Squidward:[Reading a book] Oh if I ignore it, maybe it will go away.
Patrick:[Still giggling] Hehe.
Squidward: I thought not [Closes the book] Oh-kay Patrick. WHAT? WHAT?! WHAT!
Patrick:[Still giggling] Notice anything... [Smacks Squidward's noise with the Krusty Krab hat he is wearing] Different? Huh? Huh? A hint! [Takes out a drawing held upside-down of the Krusty Krab hat pointing to it and his hat]
Mr. Krabs: Patrick! I am not NOT paying you to stand around and play guess what the idiot's thinking with Squidward! Get back to work!
Squidward: Yeah Patrick! Get back to...WHAT?!? WORK?!? Oh no! NO! NO! NO! Krabs! [Walks past SpongeBob who moves backwards then forwards] Mr. Krabs!
Mr. Krabs: Why all the shivering of the timbers Mr. Squidward?
Squidward: Mr. Krabs! This will not stand!
Mr. Krabs: It'll stand. Oh, unless you want to talk with SpongeBob
[Squidward grunts angrily then bubble transition to a customer buying a Krabby Patty. Squidward hands Patrick the ticket and Patrick takes it to SpongeBob who then makes the Krabby Patties then hands it to Patrick. Patrick gives the order to Squidward who then gives it to the customer].
Patrick: Can I watch you work?
Patrick: Pretty please?
Squidward: No! NO! NO! NO! GRR! [Patrick contiunes to follow him] Go away Patrick! Go away Patrick! Patrick! Patrick! Patrick! [Washes hands and Patrick appears in the mirror] Patrick! [Patrick touches his hat] Patrick! [Pushes button on cash register and Patrick appears] Patrick! [Starts walking with Patrick closely following him behind] Patrick! [Using the restroom with Patrick beside him] Patrick! [Starts sweating and shivering with Mr. Krabs now beside him]
Mr. Krabs: Mr. Squidward...
Mr. Krabs: Time for your break [Walks off]
Squidward: Ah...don't mind if I do. [Sits down] Ah...no better way to spend a break with a little cool jazz. [Takes out the box that holds his clarinet and tries to play it but it isn't there] Huh?
Patrick:[Comes out of the restroom] Hi Squidward!
Patrick: I just finished cleaning the restroom!
Squidward:[Sarcastically] Ooh...that's great...
Patrick: I mopped the floors! I shined the mirrors! I scrubbed the sinks.
Patrick: Oh yeah! [Takes out Squidwards clarinet that is soaking wet] But we are going to need a new toliet plunger. This one's broken.
Squidward: PATRICK!!! [Takes back the clarinet and growls at Patrick which Mr. Krabs appears to see what is happening]
Mr. Krabs: Nice work, Patrick!
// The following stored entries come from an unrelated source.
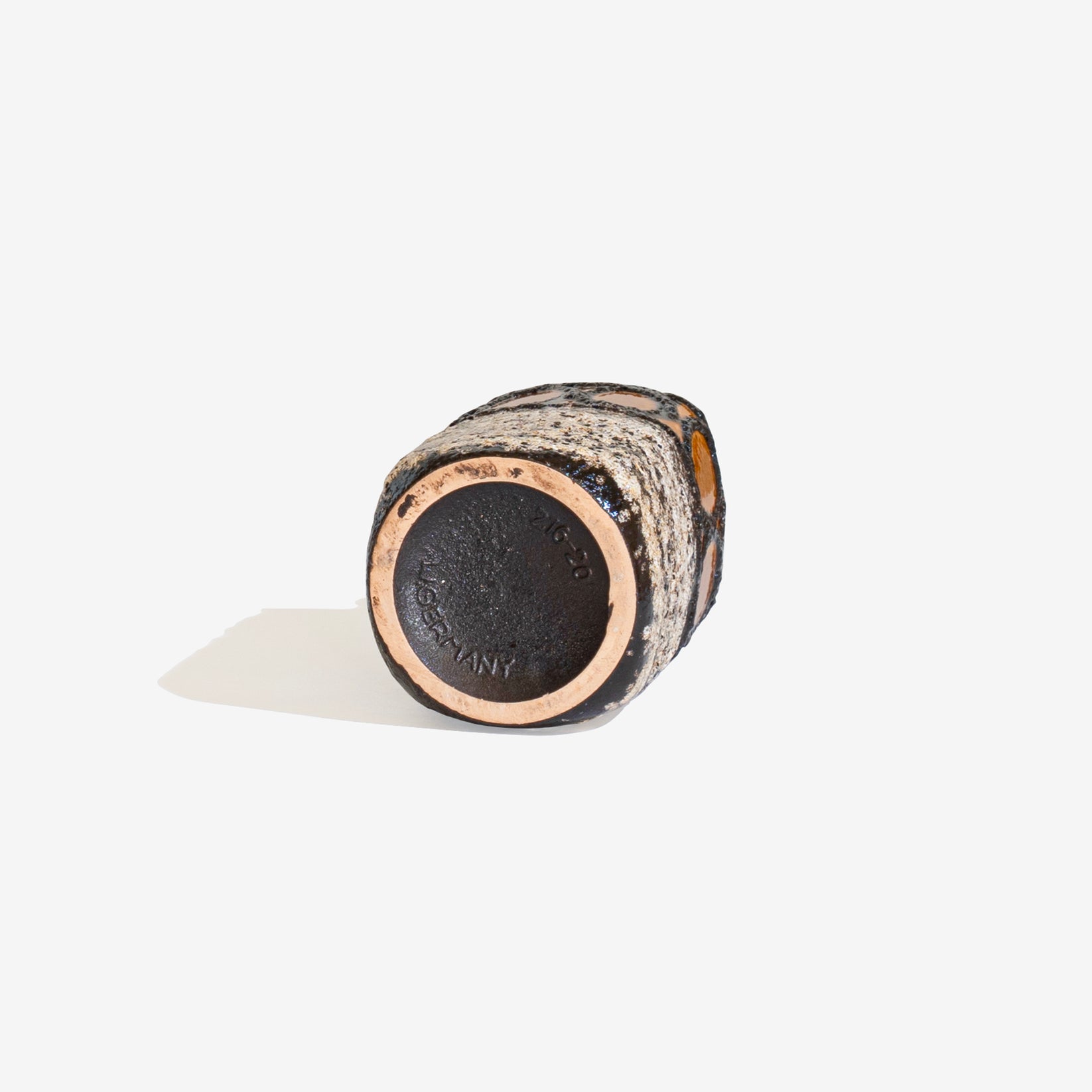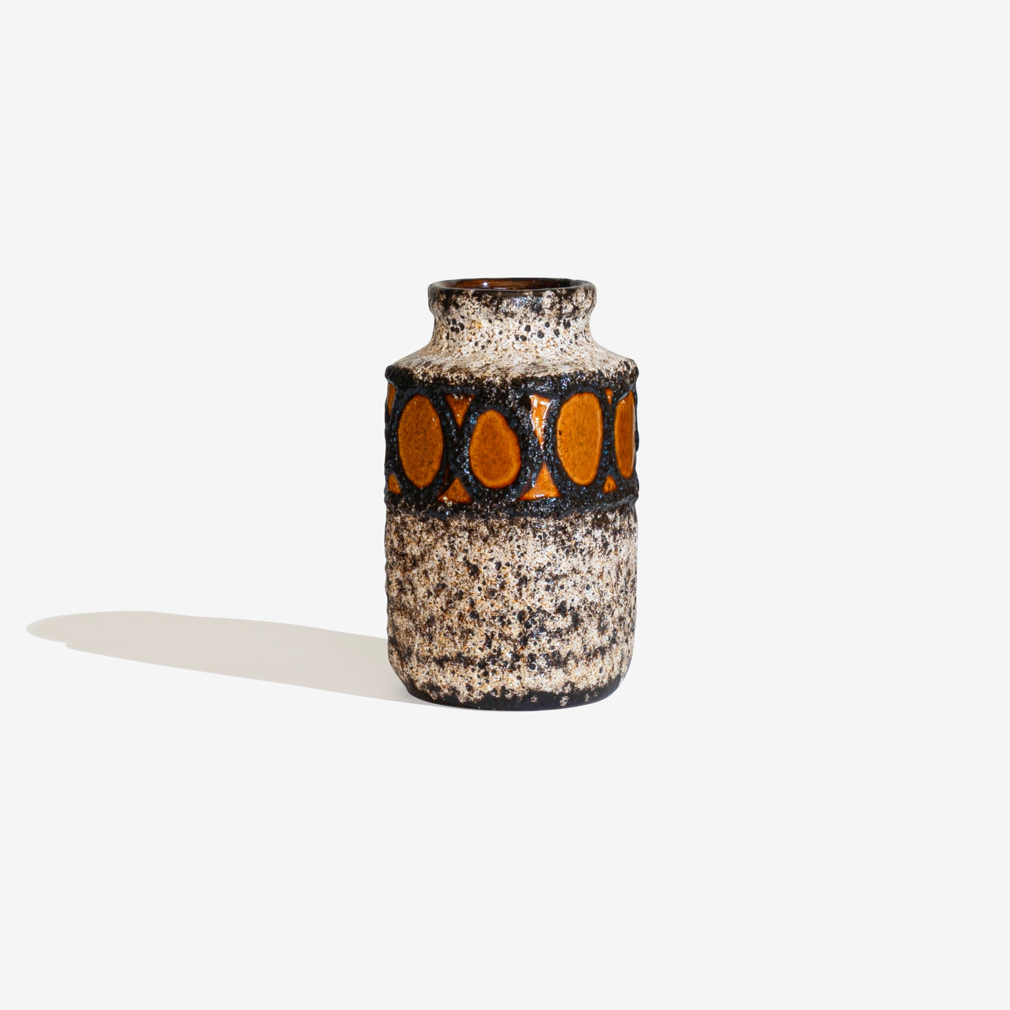 1970年代にSCHEURICH社にて作られた Fav Lavaのフラワーベース。白、黒、そして鮮やかな黄土色の釉薬の絶妙な組み合わせと、ファットラバの象徴的な質感が特徴です。
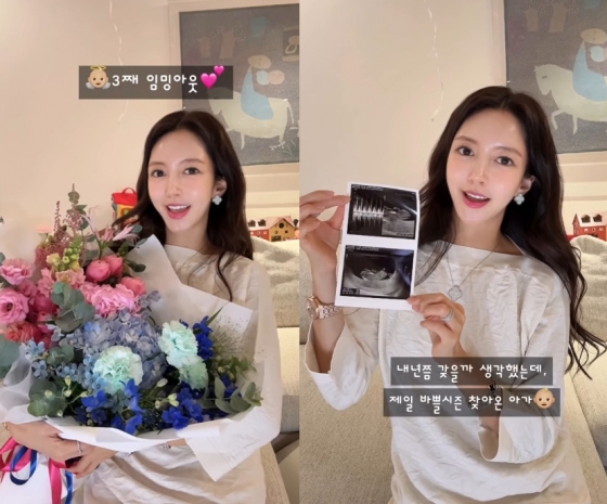 이어 "셋째라 그런가 아기도 주수에 비해 크고 배도 빨리 나오고, 입덧은 4주 차부터 정말 어나더 레벨. 술 한 트럭 마신 다음 날 배 위에 있는 것 같은 속 울렁임이 계속되고, 입덧약도 큰 도움이 안 될 때가 많다. 그래도 이 모든 게 뱃속에서 잘 자라고 있다는 증거니까 엄마는 꾹 참고 열심히 버티고 있다"라고 전했다.
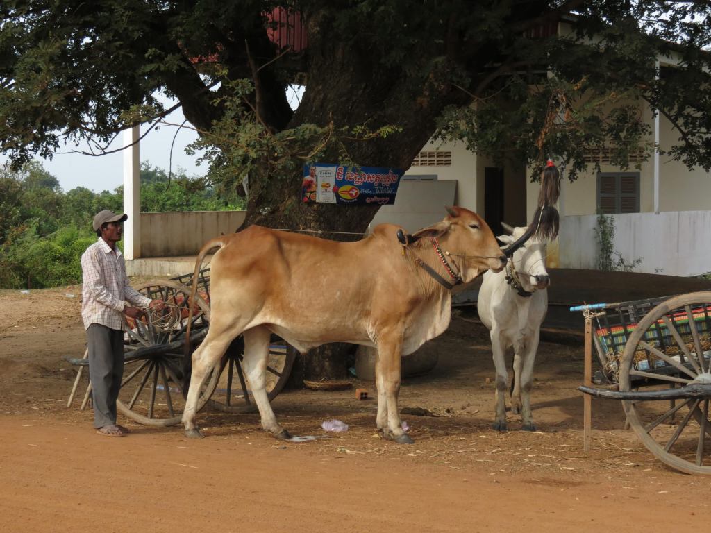 One of our stops was at Vinh Long, a small city in Vietnam. (I may have the name of the city wrong, as I got confused with all the different stops we made on the trip.) That day we were scheduled to visit a family-run brick factory, an outdoor pottery workshop, and a palm plantation. Bamboo, our tour guide, gave us two travel options that day: we could ride in a traditional Vietnamese cart being pulled by an ox, or we could ride a bike. We chose the bikes because there were a limited number of carts and some of the passengers were not in good enough condition to ride a bike the whole day, while others thought that being pulled by an ox in Vietnam was a romantic experience that they couldn’t miss out on.
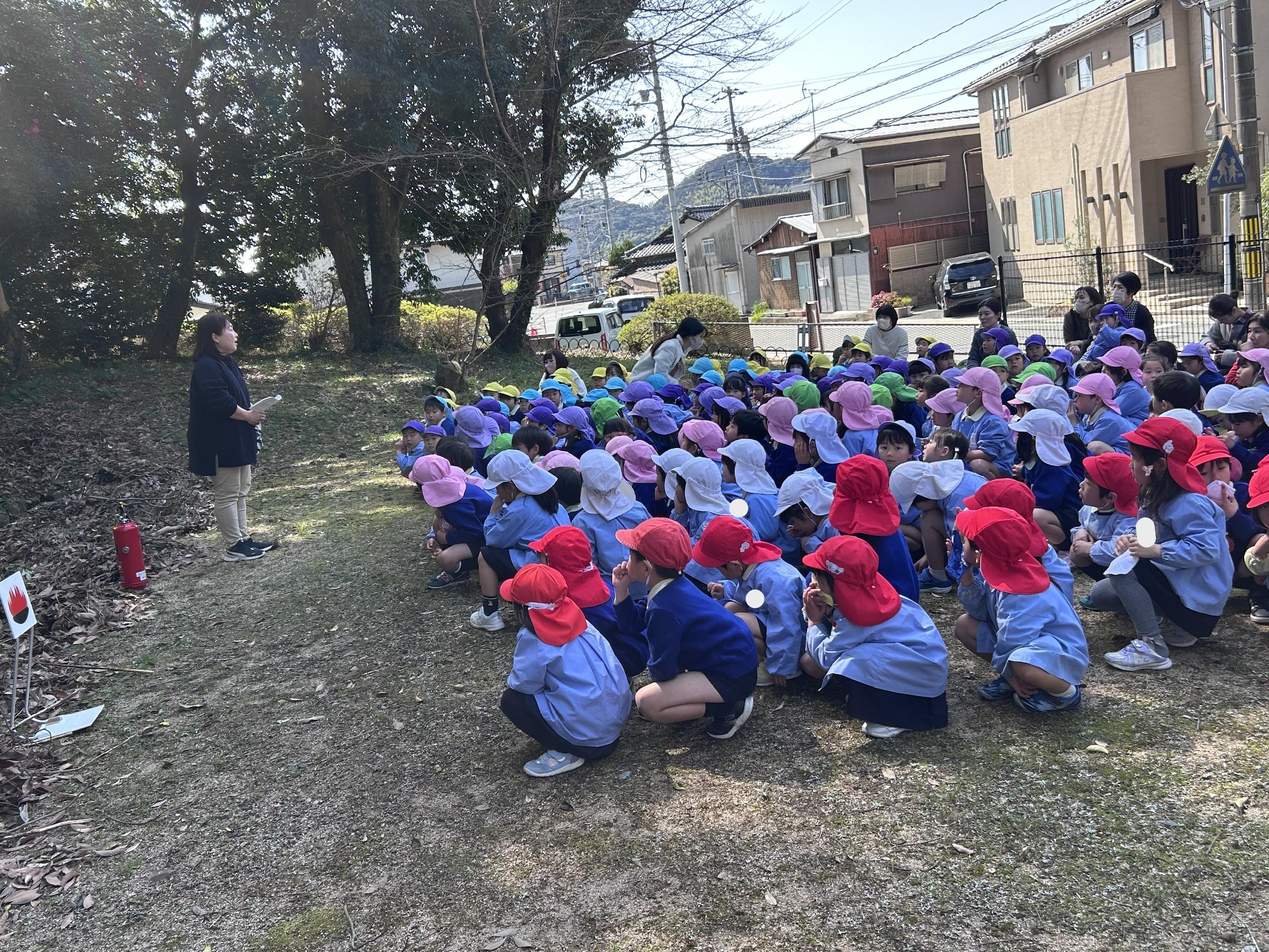 職員室が火事になった設定で、みんなですずらん組坂道を降りたところにある空き地に避難をする練習をしました。
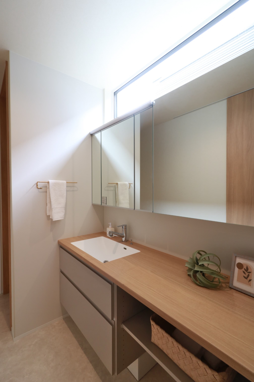 明るい日差しが差し込む広がりのあるリビングから、たっぷりと容量のある収納スペース、洗面室からバスルームへ。
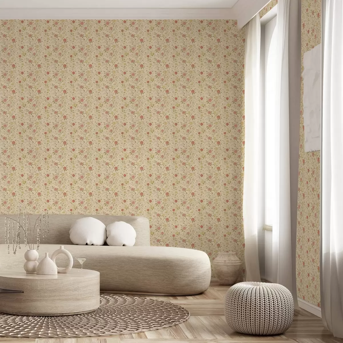 Tapéta Vintage rózsák barack és sárga színben krém háttérrel Nr. a00577
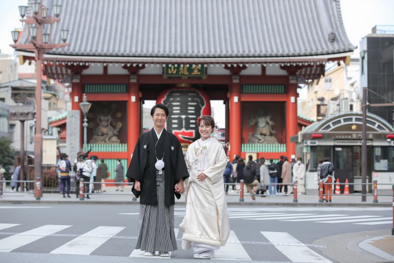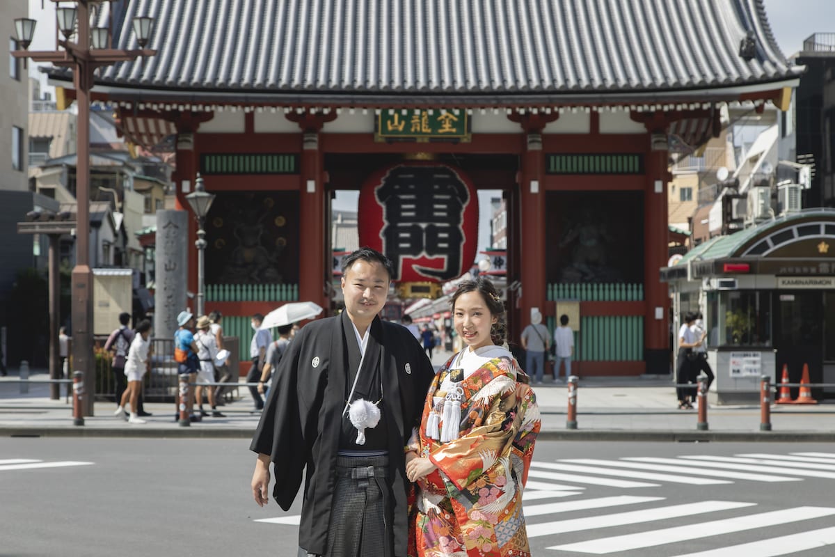 風神と雷神像がある雷門は、浅草のランドマーク的存在で、撮影スポットとしても大人気です。まずは門の前でふたりで記念撮影を楽しみましょう!
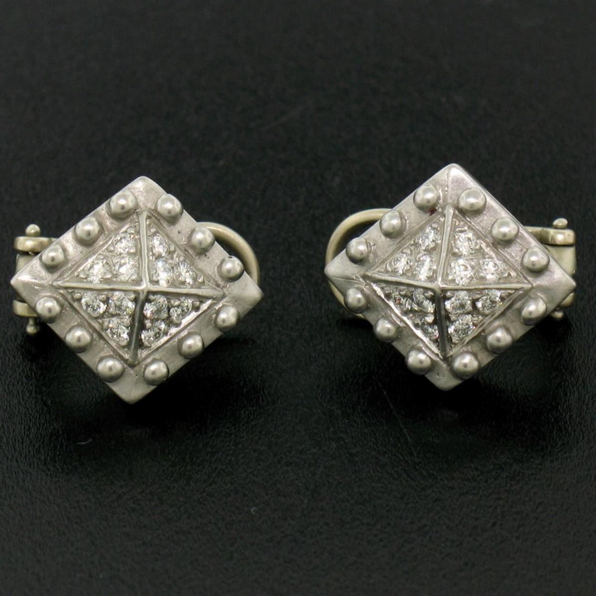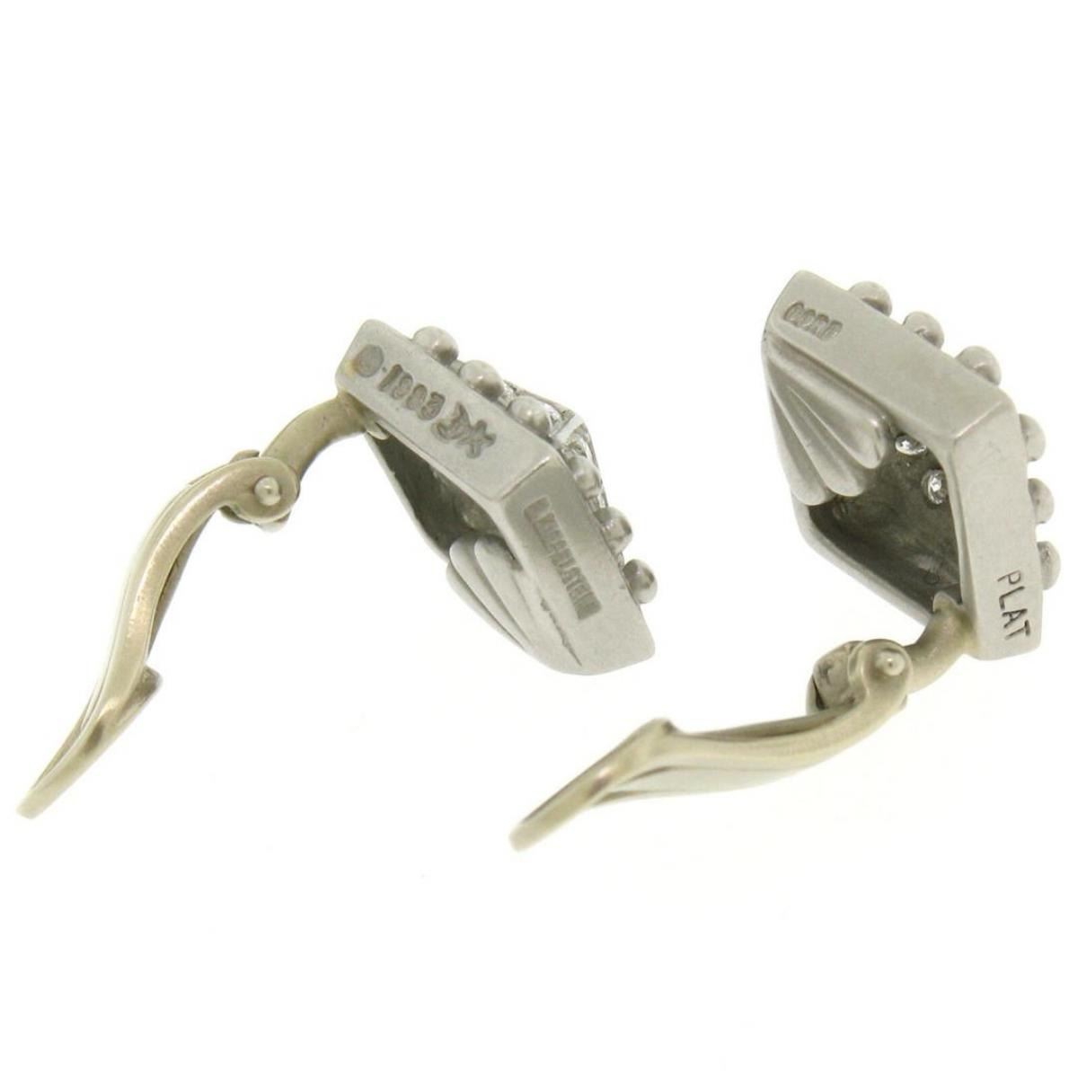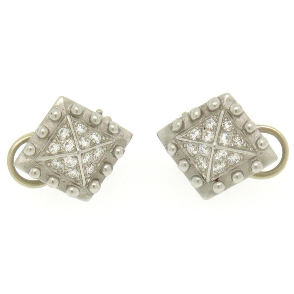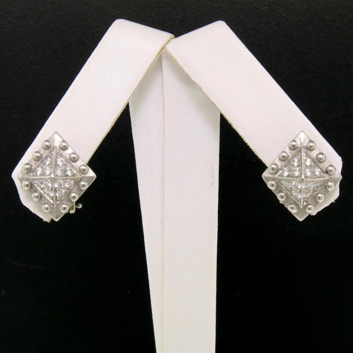 One Pair Barry Kieselstein Cord Platinum 0.50 ctw VVS Diamond Small Pyramid Clip On Earrings. Item Details: Material: .950 Solid Platinum, Weight: 9.6 Grams, Stone(s): (24) Natural Genuine Diamonds - Pavé Set - Round Brilliant Cut - E Color - VVS2 Clarity, Total Carat Weight: 0.50 ctw (approx.), Backing: Clip-on Backings (Pierced ears are not required.), Width: 13.25mm, Height: 15.0mm, Thickness: 6.53mm (projects off the ear) Signature: B. Kieselstein Cord Plat © 1993 Condition: Like New!

Break time's over, Mr. Squidward.
Squidward:[Walks over to a customer] Welcome to the House of Misery. May I take your order...
Dave: Yes, I would like 2 Double Fried Kelp Fritters, 3 Krusty Krab Cream Filled Corals, and 4 Triple Fatty Krabby Patties. Is that too much?
Squidward: That depends...
Dave: Oh what?
Squidward: How long you want to live? [Laughs and walks right into Patrick]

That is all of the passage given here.